The Ultimate Fighting Championship will make its long-awaited debut in Argentina this Saturday with UFC Fight Night 140 -- a card that falls firmly into the fun-but-not-essential category. The promotion’s stop in Chile on May 19 stands as an obvious comparison and featured many of the same fighters. This time, there are few more matches of interest, both in terms of entertainment value and relevance. Plus, there is the added angle of a main event featuring Santiago Ponzinibbio, who has the chance to post a breakout win in his home country.
Without further ado, let us get to the UFC Fight Night “Magny vs. Ponzinibbio” breakdown:
WelterweightsNeil Magny (21-6) vs. Santiago Ponzinibbio (26-3)

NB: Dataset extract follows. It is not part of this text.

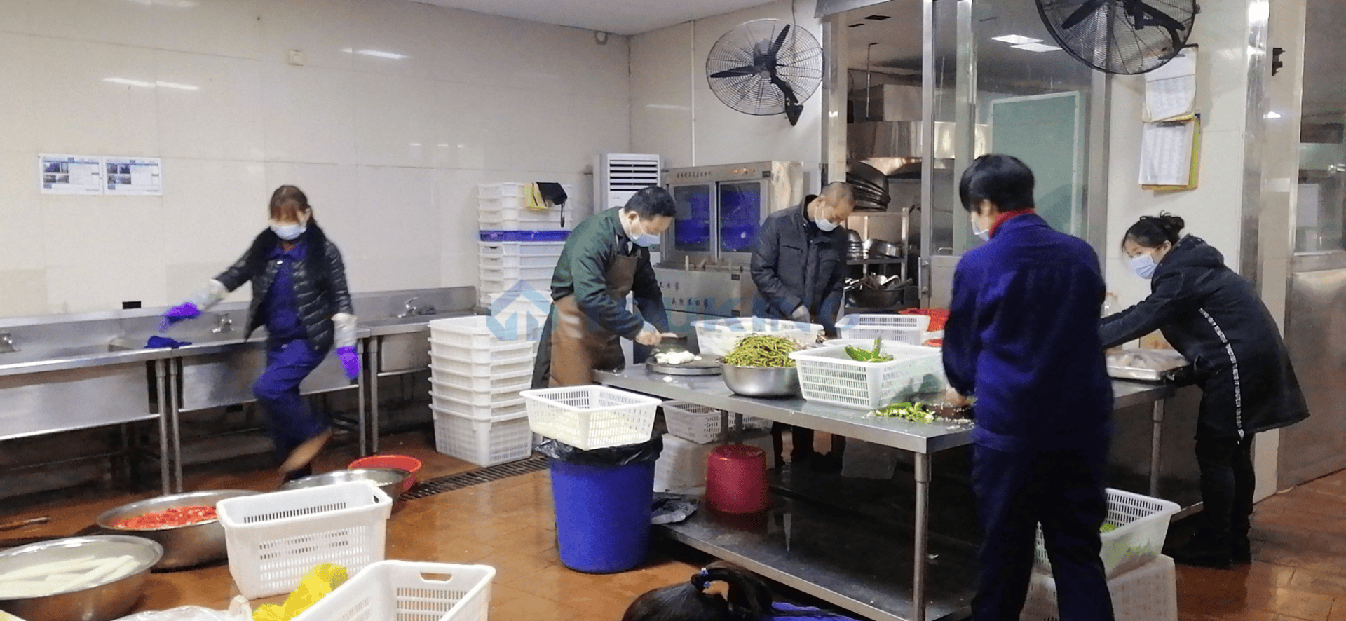▲后勤保障部副部长彭灿(左二)和同事一起为复工员工准备饭菜

ODDS: Ponzinibbio (-320), Magny (+260)
It remains unclear exactly what having a native Argentinian star would mean for the UFC, but Ponzinibbio has the chance to take that step with a win here. It has been a surprising rise for Ponzinibbio. At first, he was considered little more than an “Ultimate Fighter Brazil” alum with a funny name, but even after some initial success in the Octagon, he was still slotted by most as a mid-tier action fighter. However, after a 2015 loss to Lorenz Larkin, Ponzinibbio kept improving from fight to fight and racked up the wins as a result. It was a bit surprising when Ponzinibbio received the main-event call to face Gunnar Nelson in 2017 -- particularly since he was coming off an assignment on the prelims -- but the UFC’s faith in “Gente Boa” paid off, as he scored a quick finish of the Icelandic contender. Ponzinibbio followed the win against Nelson with a smart but exciting performance over Mike Perry, and the UFC looks ready to position him as a regional star. He was slated to main event the promotion’s debut in Chile before injury struck, and now finds himself at home with a major opportunity against Magny.
Magny is another fighter who has enjoyed a somewhat improbable rise up the ranks. Coming off of a wretched season of “The Ultimate Fighter” and losing two straight fights would have gotten Magny cut at almost any time prior to 2014, but his losing streak coincided with the UFC’s need for more fighters to fill out more cards.
Given one more shot to stick on the roster at UFC 169, Magny wound up turning it into a seven-fight winning streak that put him on the fringes of the welterweight title picture. Since then, Magny has served as somewhat of a gatekeeper to title contention, as there has been a clear delineation in his results. Save for a win over Kelvin Gastelum, the divisional elite has run through Magny, but he has done a successful job of turning away everyone else through a combination of his long striking game and solid offensive wrestling skills. Magny has been turned away enough times that he probably just is who he is at this point, so this fight becomes a lot more about whether or not Ponzinibbio can break through; a win here would keep Magny as a viable B-side for important fights.
It is a fascinating test, but I am not sure Magny is going to provide much more of a challenge for Ponzinibbio than either Nelson or Perry did. Magny’s reach almost always causes problems for his opponents, but he can be a rote and predictable striker, so while Ponzinibbio may have some early trouble, I do think Magny is the type of opponent the Argentinian can eventually figure out. There are some interesting paths to victory for both guys, however, particularly if either chooses to wrestle. Ponzinibbio has some solid defensive grappling, but Magny has sometimes relied on a good clinch and wrestling game to win rounds as needed. On the flipside, Magny’s defensive wrestling has been legitimately terrible against high-level competition, and while Ponzinibbio has never particularly looked to take things to the mat, the chance might be there if he wants it. Also, given that there is this narrative about Ponzinibbio seeking a breakthrough win, it is worth noting that Ponzinibbio might actually already have the better resume than Magny. Ponzinibbio’s wins over Nelson and Perry are probably better than any of Magny’s results, except for that Gastelum win, as his path to contention was built a lot more on quantity than quality of wins. It is not a lock, as Magny’s wrestling in particular worries me, but I think Ponzinibbio overcomes a slow start and eventually winds up overwhelming him. The pick is Ponzinibbio via third-round stoppage.